March 10, 2007

Tel Aviv Cinemateque Library

As often as possible, I view Israeli produced, Hebrew language (sometimes mixed with Arabic, Russian, or Amharic) documentary films.

I need to do this because I am a newcomer to this ancient land where I was born yet left before learning it on the ground. Since connecting with my roots in this Levantine world where status quo and existence itself are never assumed, viewing documentaries has become a fast path to learning about my fellow Israelis.

So many movies. Through the wide lens of Israel's local documentary film repertory, I encounter myriad ideas, issues, projects, and people. So, I wend my way to the Tel Aviv Cinemateque Library.

Such an exquisite Library. I check my backpack outside the door, and enter the largest information center in Israel on Israeli and international film. Library assets include films (on videos and DVD), international and Israeli film journals and Hebrew language newspaper clippings, books, posters, and photos from publicists in Hollywood and Europe. Soon, the window on my viewer will open to cultures, traditions, conflicts, and dialogs revealing the mosaic of Israeli society.

Tel Aviv Cinemateque Librarian, Dror Yizhar, helps me to choose a film. Next, I pay the symbolic fee my Tel Aviv Cinemateque membership requires per Library viewing session — about $1.50, or 5 NIS [New Israeli Shekels], and settle into a private carrel equipped with a monitor, playback equipment, and earphones. Sitting among fellow Israelis and others for whom movie-viewing is clearly a serious pursuit and source of pleasure, I share the treasures with high school students, college and university grads, people looking for a thesis or dissertation topic, movie lovers, professors, lecturers — everyone. “You name it.
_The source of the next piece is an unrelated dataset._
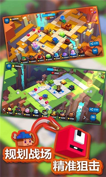 1. 游戏画面极为清晰,无论是敌人还是塔防单位,皆以方块的形态呈现。

If they're interested in movies, they're welcome,” quips Yizhar.

In this Library, I have —

About the Tel Aviv Cinemateque.
Since 1973, the Tel Aviv Cinemateque has been this White City's (and beyond) address for viewing films of different genres. Classical works of the finest directors, contemporary mainstream artistic Israeli and international options, and a selection of experimental and avant-garde pieces, independent works, retrospectives, and premieres feed patrons’ tastes and fancies. Almost every month and season, offerings include festivals on special themes or countries and in different fields (for instance, animation), workshops, courses, and major events (DocAviv — the Tel Aviv International Documentary Film Festival, among the most highly sought-after and respected film festivals in the world— in March; Israeli Academy Awards in late summer; and a student film festival, as examples).

The Cinemateque is involved in social and political questions of Israeli society, and has screened films shunned by official or social censorship, especially concerning the Israeli-Palestinian conflict, foreign workers, and trafficking in sex. Sometimes, panels of artists, writers, journalists, actors, and others discuss films just viewed. Among cultural events happening inside or outside on the entrance square are comics festivals and political and social rallies. An optional membership allows free or deeply discounted admission to events.